KeePass is an excellent offline password manager. This means that unlike, say, LastPass , your information isn’t tied to a server for convenience’s sake. But this might be a worthy price to pay, for a higher level of control in your hands.
It’s also written in Mono, letting it run across multiple different platforms. While its mainly targeted towards Windows, it also means both macOS and Linux are supported by it. Though it might not look very native, it works just fine. Plus, having your passwords accessible is benefit enough.
The best way to describe Pinta would be a cross-platform version of Paint.NET (which in turn is a better version of Microsoft Paint ). It’s a fairly simple application, with a fair amount of power to edit and create images. Unlike KeePass, it looks a little better between different operating systems.
Sadly, it also demonstrates a few limitations of Mono. Paint.NET, the application which it was inspired by, was, after all, written using the .NET Framework , and yet still remains Windows only. While most things can work between the two, if a program relies on Windows specific components of the framework, you’ll need to look for alternatives .
Wine + Mono = Better Compatibility
Mono can also aid Windows switchers by way of extending Wine , a compatibility layer to let users run Windows applications. Wine reverse engineers a lot of Windows functionality, and translates that behavior into their Linux equivalents. As such, it can run many programs not designed for Linux, as if they were.
The actual Mono installation file contains a number of software libraries, components that other programs can build off of. They’re designed to implement as much of the .NET Framework as they can (albeit cross-platform).

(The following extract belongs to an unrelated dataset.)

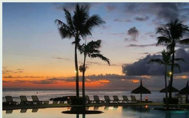
#HeritageResorts #HeritageAwali #Luxury #BeautifulDestinations #BeautifulHotels #CNTraveler #NatGeoTravel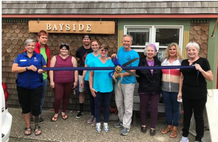
Private ribbon cutting for Bayside Nutrition in Nye Beach

Because of this, a lot of things written for Windows using said framework will work under Mono as well.
Wine can take advantage of all the work that Mono has done through the years, using it to help run .NET applications, or even programs with said components inside them. Some games , for example, rely on the framework to some degree.
Mono in an Open Source .NET World
As mentioned previously, much of the .NET framework is now open source, with more to come. Already, it’s possible to (somewhat) take advantage of it on platforms other than Windows. One then, might wonder how Mono might still be useful for people.
The answer to that is quite simple: a lot of the usable components of .NET are invisible to end users. It’s still quite difficult to build cross platform graphical applications using only Microsoft’s now open source framework. Mono on the other hand, is well established, having multiple ways to write native looking programs, with little hassle. And it will only continue to grow,
Of course, when the open source components of .NET become more established, it will have gained many of the benefits that Mono currently provides. And that can only be a good thing for Linux, as well as for users who might want to switch to it. More portable applications are always welcome, after all.
How do you deal with the application gap on Linux?